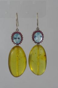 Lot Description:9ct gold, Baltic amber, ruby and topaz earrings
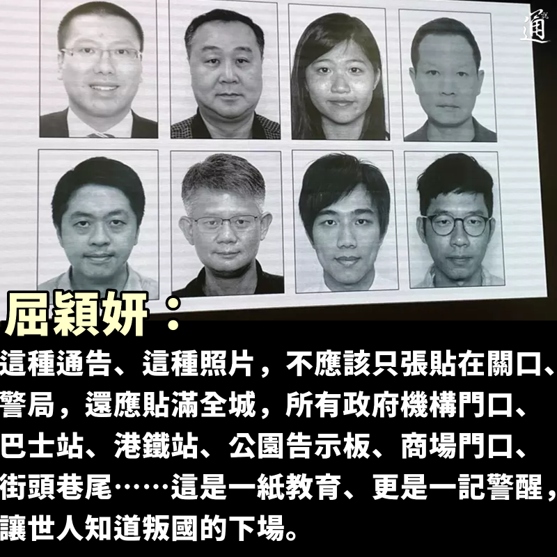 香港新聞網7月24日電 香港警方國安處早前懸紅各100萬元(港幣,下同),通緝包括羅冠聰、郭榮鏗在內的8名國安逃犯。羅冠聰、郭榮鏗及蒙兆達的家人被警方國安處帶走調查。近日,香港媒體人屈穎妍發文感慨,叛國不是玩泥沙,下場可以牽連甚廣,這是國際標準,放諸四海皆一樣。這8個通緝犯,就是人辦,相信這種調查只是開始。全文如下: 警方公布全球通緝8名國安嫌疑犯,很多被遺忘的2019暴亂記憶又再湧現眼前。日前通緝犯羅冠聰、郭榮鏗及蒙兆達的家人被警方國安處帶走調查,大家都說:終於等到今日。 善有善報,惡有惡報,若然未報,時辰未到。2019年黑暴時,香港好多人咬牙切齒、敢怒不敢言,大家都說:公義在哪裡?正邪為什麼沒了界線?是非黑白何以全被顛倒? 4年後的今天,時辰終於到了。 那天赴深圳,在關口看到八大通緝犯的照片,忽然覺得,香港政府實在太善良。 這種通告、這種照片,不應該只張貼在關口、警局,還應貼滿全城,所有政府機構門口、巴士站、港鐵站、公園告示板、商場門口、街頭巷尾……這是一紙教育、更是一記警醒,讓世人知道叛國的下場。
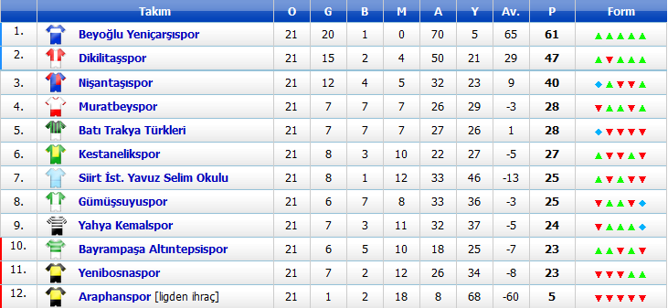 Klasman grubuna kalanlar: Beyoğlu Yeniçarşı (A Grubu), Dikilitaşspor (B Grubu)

┄┄┄┄┄┄┄┄┄┄

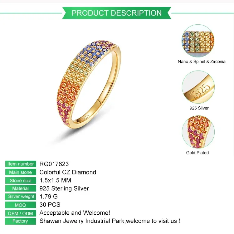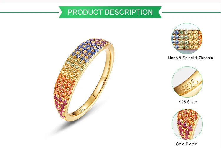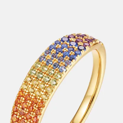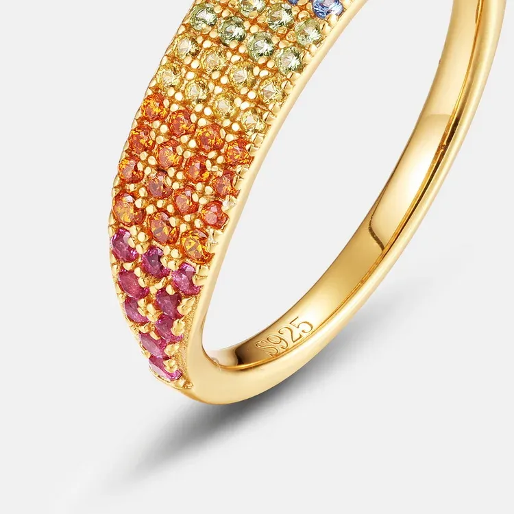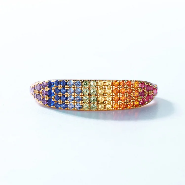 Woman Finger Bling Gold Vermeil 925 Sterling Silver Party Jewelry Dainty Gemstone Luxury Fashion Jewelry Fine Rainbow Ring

┄┄┄┄┄┄┄┄┄┄

▶ **WHAT YOU HAVE TO DO**
Above are the records; copy from them only the lines starting at the one containing "Lot Description:9ct gold, Baltic" and ending at the one containing "Klasman grubuna kalanlar: Beyoğlu", exactly and without pictures.

▶ **ANSWER TO THIS TASK**
 Lot Description:9ct gold, Baltic amber, ruby and topaz earrings
 香港新聞網7月24日電 香港警方國安處早前懸紅各100萬元(港幣,下同),通緝包括羅冠聰、郭榮鏗在內的8名國安逃犯。羅冠聰、郭榮鏗及蒙兆達的家人被警方國安處帶走調查。近日,香港媒體人屈穎妍發文感慨,叛國不是玩泥沙,下場可以牽連甚廣,這是國際標準,放諸四海皆一樣。這8個通緝犯,就是人辦,相信這種調查只是開始。全文如下: 警方公布全球通緝8名國安嫌疑犯,很多被遺忘的2019暴亂記憶又再湧現眼前。日前通緝犯羅冠聰、郭榮鏗及蒙兆達的家人被警方國安處帶走調查,大家都說:終於等到今日。 善有善報,惡有惡報,若然未報,時辰未到。2019年黑暴時,香港好多人咬牙切齒、敢怒不敢言,大家都說:公義在哪裡?正邪為什麼沒了界線?是非黑白何以全被顛倒? 4年後的今天,時辰終於到了。 那天赴深圳,在關口看到八大通緝犯的照片,忽然覺得,香港政府實在太善良。 這種通告、這種照片,不應該只張貼在關口、警局,還應貼滿全城,所有政府機構門口、巴士站、港鐵站、公園告示板、商場門口、街頭巷尾……這是一紙教育、更是一記警醒,讓世人知道叛國的下場。
 Klasman grubuna kalanlar: Beyoğlu Yeniçarşı (A Grubu), Dikilitaşspor (B Grubu)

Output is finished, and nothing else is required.